Even with its pitfalls, big data can benefit the economy without imperilling vulnerable groups

What you need to know:

  • A few weeks ago, stakeholders gave their views on the upcoming Data Protection Bill that will be headed to Parliament for debate.
  • In particular, the principles of fairness, transparency, purpose limitation and data minimisation seem to go against the normal practices that big data companies take for granted.
  • What may be viewed as “unnecessary” data can enable data analytics companies to discover useful patterns between different datasets that were previously hidden.
  • Data collectors or controllers have the power to make positive or negative impacts on society based on their data analytics capabilities.
  • Big data analytics has obvious challenges and blind corners, which is there must be frameworks in place to ensure that the economy benefits from it while not discriminating against segments of the population.

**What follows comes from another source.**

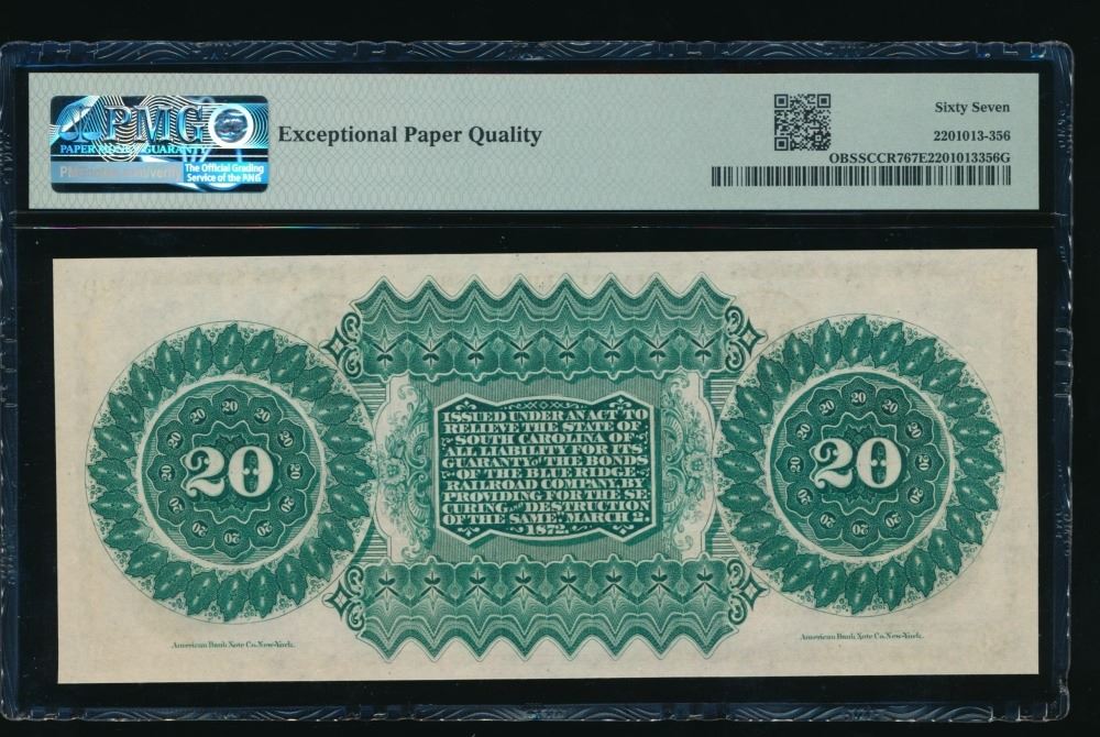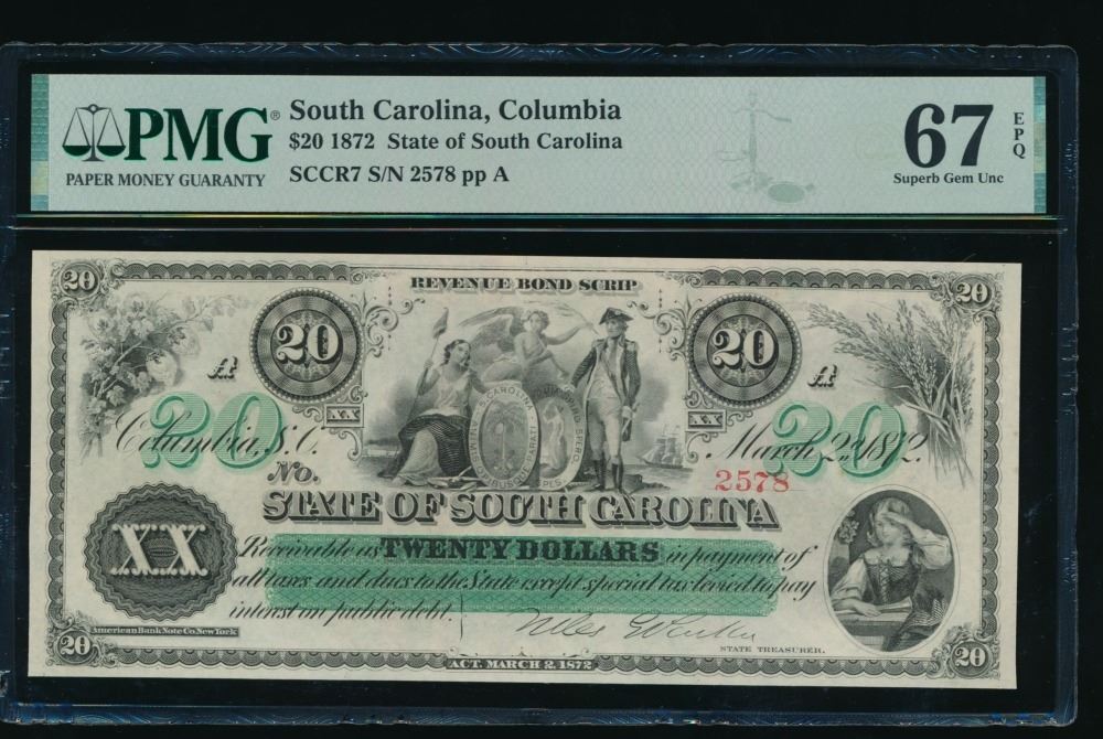 One 1872 $20 Columbia SC Obsolete PMG 67EPQ.

A few weeks ago, stakeholders gave their views on the upcoming Data Protection Bill that will be headed to Parliament for debate. There was obvious tension between some of the data protection principles and dig data practices that are commonly executed by private enterprises.

In particular, the principles of fairness, transparency, purpose limitation and data minimisation seem to go against the normal practices that big data companies take for granted.

Fairness and transparency require that those collecting personal data seek consent from the data subjects or citizens while educating them on how they would use their data.

Purpose limitation ensures that data is processed only for the purpose that was defined before that data was collected while data minimisation limits the scope of what is collected according to the purpose defined.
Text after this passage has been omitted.